WHAT YOU SHOULD DO
Your response should contain only the lines running from the top of the data below through the line with "x의 값은 20이 된다.", both included. Pictures must be omitted.

MATERIAL PROVIDED

——————————

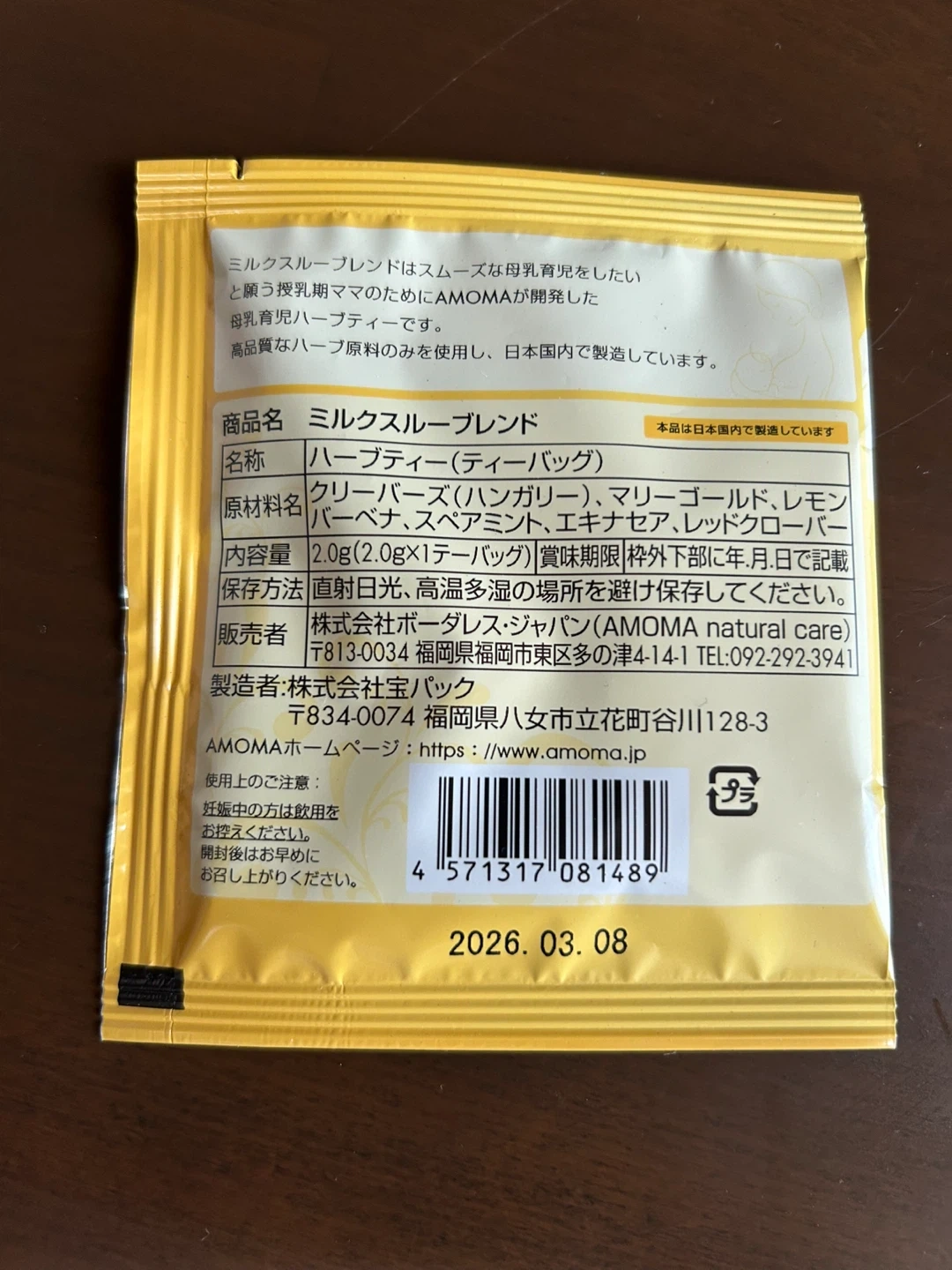 アモーマのミルクスルーブレンド ハーブティーです 【情報】 ブランド:アモーマ 商品名:ミルクスルーブレンド 種類:ハーブティー(ティーバッグ) 内容量:2.0g(2.0g×1ティーバッグ) 賞味期限:2026年3月 7袋 中古品であることご了承ください。
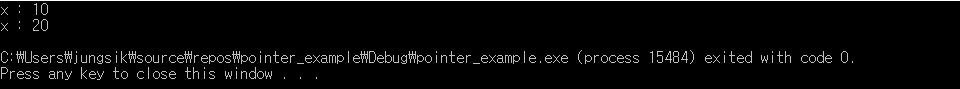 // 현재 가리키는 대상 메모리는 변수 x의 메모리이므로 x의 값은 20이 된다.
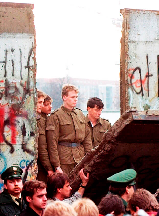 Guardias fronterizos de Alemania del Este miran a través de un agujero en el muro de Berlín después de que los manifestantes derribaran un segmento del muro en la puerta de Brandenburgo el sábado 11 de noviembre de 1989. Foto © Lionel Cironneau | AP.
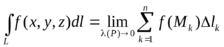 ),не зависящий от способа разбиения линии L на п частей и выбора точек Сk. то этот предел называется криволинейным интегралом первого рода от функции f(x, y, z) по линии L, и обозначается:
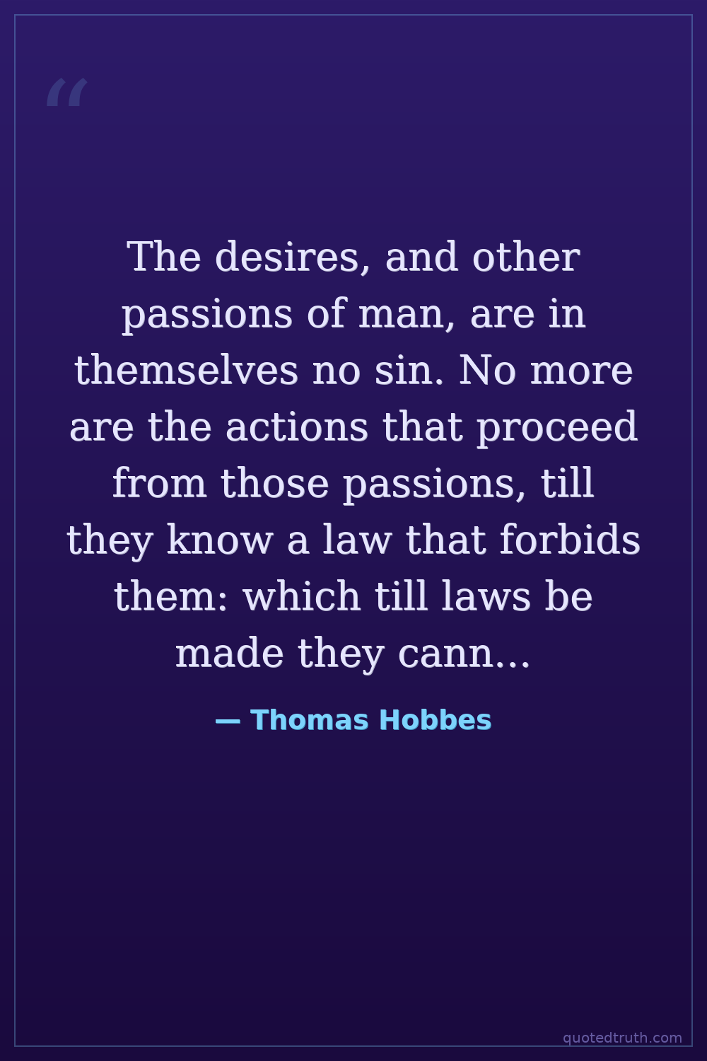 The desires, and other passions of man, are in themselves no sin. No more are the actions that proceed from those passions, till they know a law that forbids them: which till laws be made they cannot know: nor can any law be made, till they have agreed upon the person that shall make it.
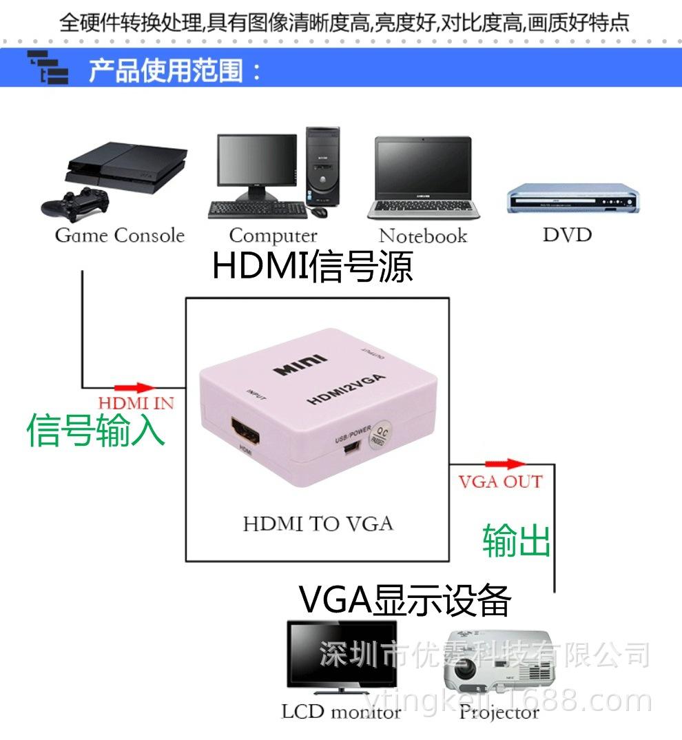 【Nome do Produto】miniHDMImudarVGAconversorMINI HDMI2VGAconversorHDMI para VGA 1080P
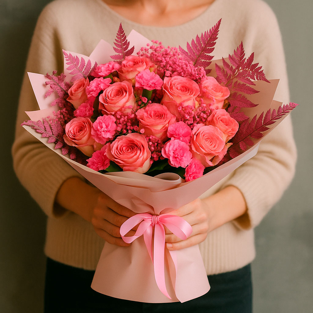 Розовые одноголовые розы и мини-гвоздики создают нежную композицию, дополненную изящным папоротником и сухоцветами. Букет оформлен в матовой плёнке с розовой лентой, что подчёркивает его утончённость. Возможны альтернативы с атласной лентой или крафт-бумагой. Прекрасный выбор для поздравления любимой на день рождения.
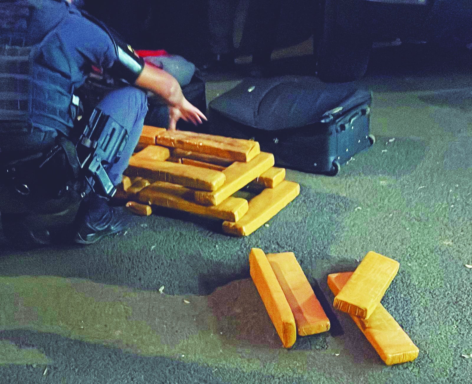 Pela praça do pedágio, na Rodovia Washington Luís (SP-310), ao entrarem em um ônibus que fazia o itinerário de Pereira Barretos para Rio Claro, os PMs encontraram duas malas no bagageiro contendo 21 tijolos de maconha que pesaram quase 30 quilos.
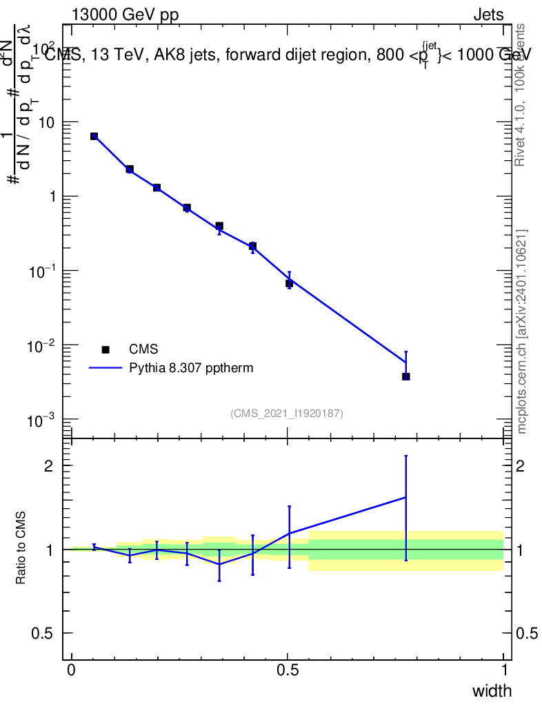 Lines: data, pythia8 8.307 pptherm |
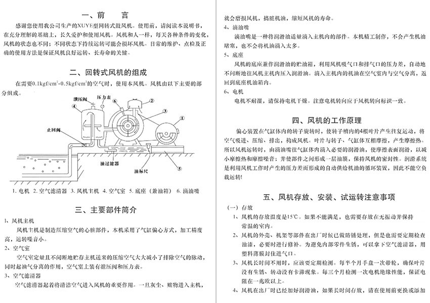2、HF回轉(zhuǎn)式鼓風(fēng)機(jī)結(jié)構(gòu)精巧,主要由電機(jī)、空氣過濾器、鼓風(fēng)機(jī)本體、空氣室、底座(兼油箱)、滴油嘴六個(gè)部分組成。
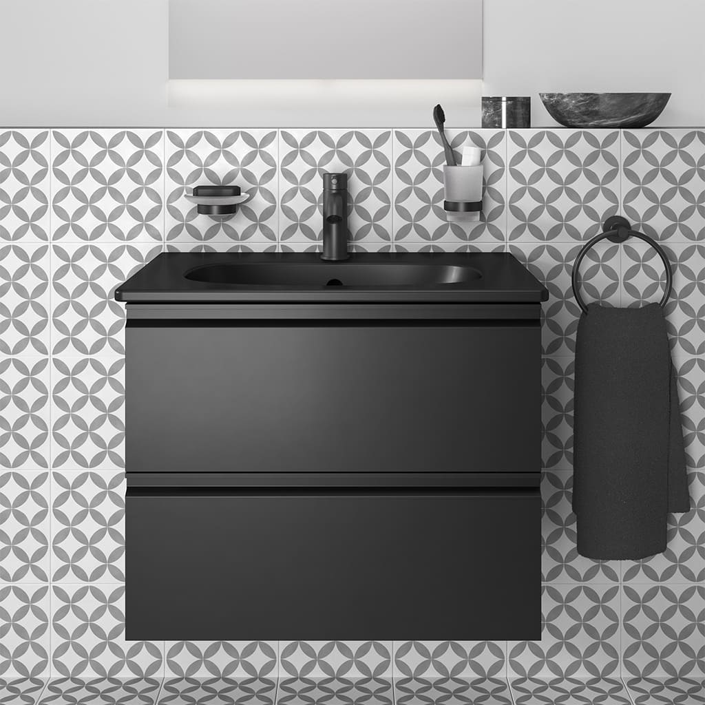 Διαθέτει 2 συρτάρια με μηχανισμό soft closing, σε χρώμα silk black.
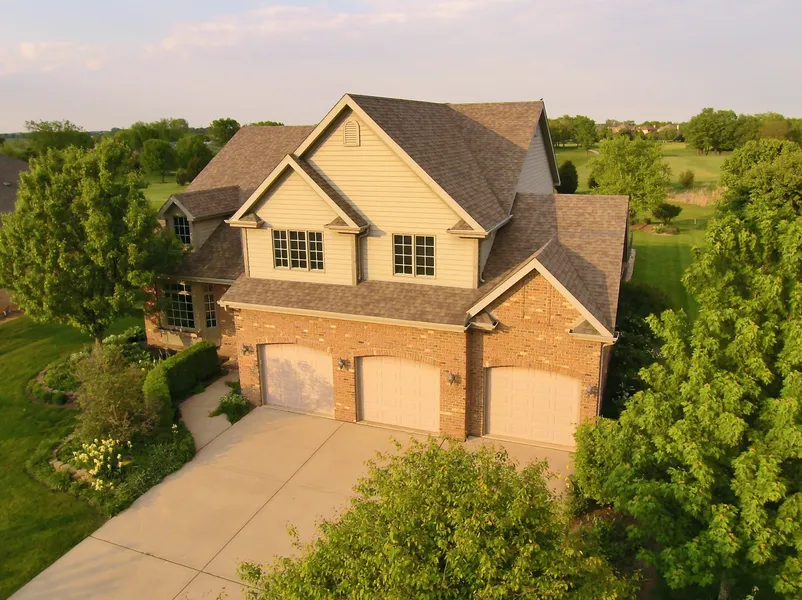 Absolutely stunning home in Nettle Creek Country Club Estates with great view of the tenth green. This home boasts 9' & vaulted ceilings throughout with beautiful oak hardwood floors on the main level, 6 panel doors, oak staircase & many other upgrade designs throughout. The large kitchen is appointed with maple cabinets & center island with breakfast bar, flowing into a casual dining area & family room. As you step down to the spacious family room, the crafted all brick, gas fireplace with draw your attention before you notice plenty of natural lighting, overlooking your backyard retreat. Additionally, you'll love having main floor laundry along with large office/studio/bedroom & full bath. The second level features a huge master bedroom with ensuite, 4 bedrooms & 2 full baths. The full finished basement includes additional living space, work shop & half bath. You'll enjoy backyard ente...
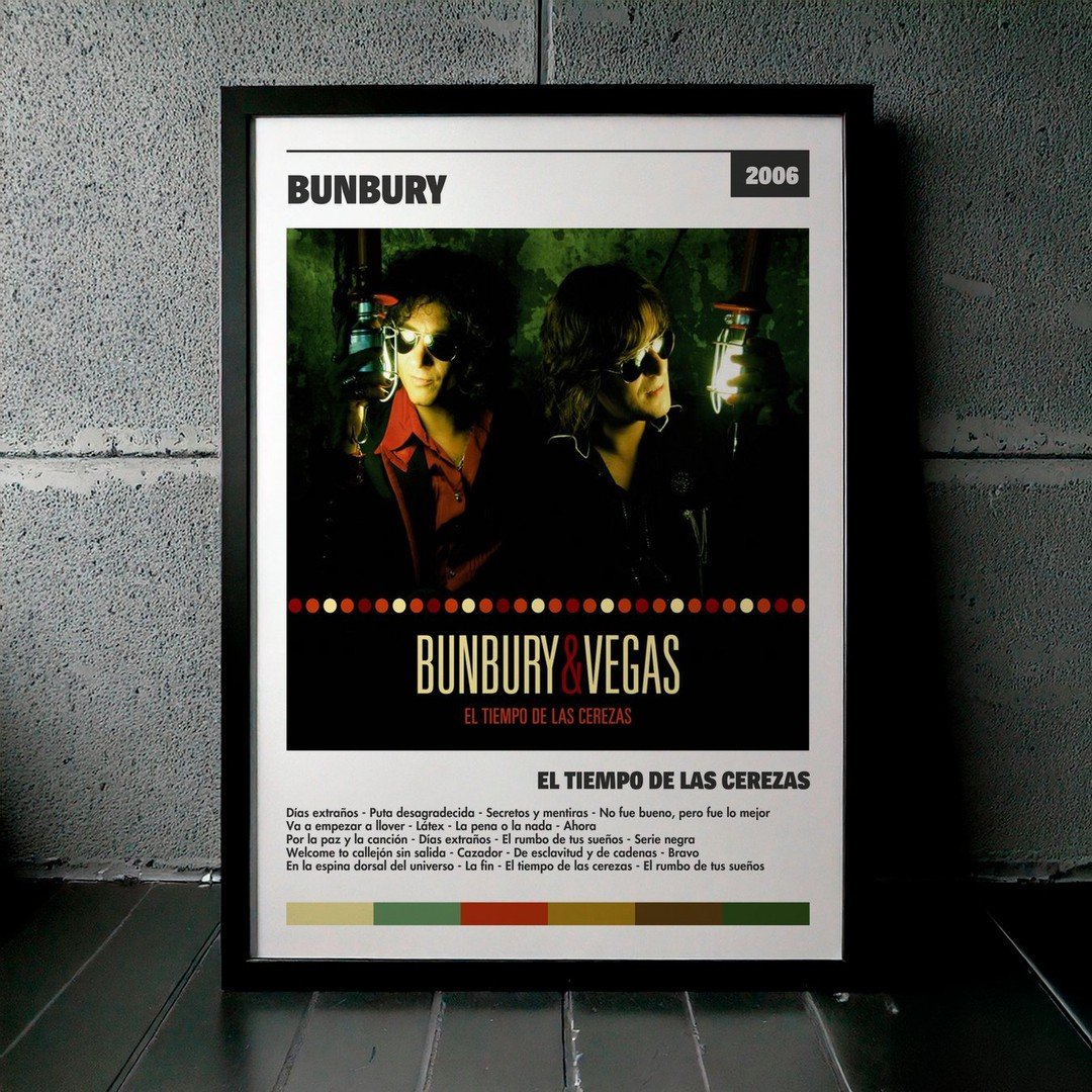 Nuestra colección de cuadros de Bunbury captura la esencia de sus álbumes más icónicos, presentados en un elegante estilo, en este caso te presentamos el de su disco El Tiempo De Las Cerezas.
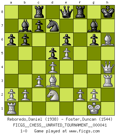 Last move : 1-0 2015 May 10 20:30:16 [Event "FICGS__CHESS__UNRATED_TOURNAMENT__000041"] [Site "FICGS"] [Date "2015.04.30"] [Round "1"] [White "Reboredo,Daniel"] [Black "Foster,Duncan"] [Result "1-0"] [WhiteElo "1938"] [BlackElo "1544"] 1.e4 b6 2.d4 Bb7 3.Bd3 g6 4.Qe2 a6 5.Nf3 h6 6.O-O d6 7.Bf4 Bg7 8.c3 e6 9.Nbd2 Ne7 10.Rfe1 O-O 11.h4 Nd7 12.e5 d5 13.Qe3 Kh7 14.h5 Qe8 15.Nh4 Nf5 16.Qh3 Nxh4 17.Qxh4 Kh8 18.hxg6 fxg6 19.Bxh6 Qf7 20.Re3 Rac8 21.Rf3 Qe8 22.Rh3 1-0 Owen defense Kingside Castling by player White (move 6) Kingside Castling by player Black (move 10) Player White won this chess game. Follow this game move after move (download)Chess is a beautiful mistress. (Bent Larsen) Ein unbeabsichtigtes Patt ist der Gipfel der Dummheit. (Anonymous) Una buena ofensiva y una buena defensa, comienzan ambas con un buen desarrollo. (Bruce A. Moon) Si je n'étais pas joueur d'échecs, je serais le meilleur dans quelque chose d'autre. (Anatoli Karpov) Creativity is allowing yourself to make mistakes. Art is knowing which ones to keep. (Scott Adams)

——————————

EXERCISE RESPONSE
 アモーマのミルクスルーブレンド ハーブティーです 【情報】 ブランド:アモーマ 商品名:ミルクスルーブレンド 種類:ハーブティー(ティーバッグ) 内容量:2.0g(2.0g×1ティーバッグ) 賞味期限:2026年3月 7袋 中古品であることご了承ください。
 // 현재 가리키는 대상 메모리는 변수 x의 메모리이므로 x의 값은 20이 된다.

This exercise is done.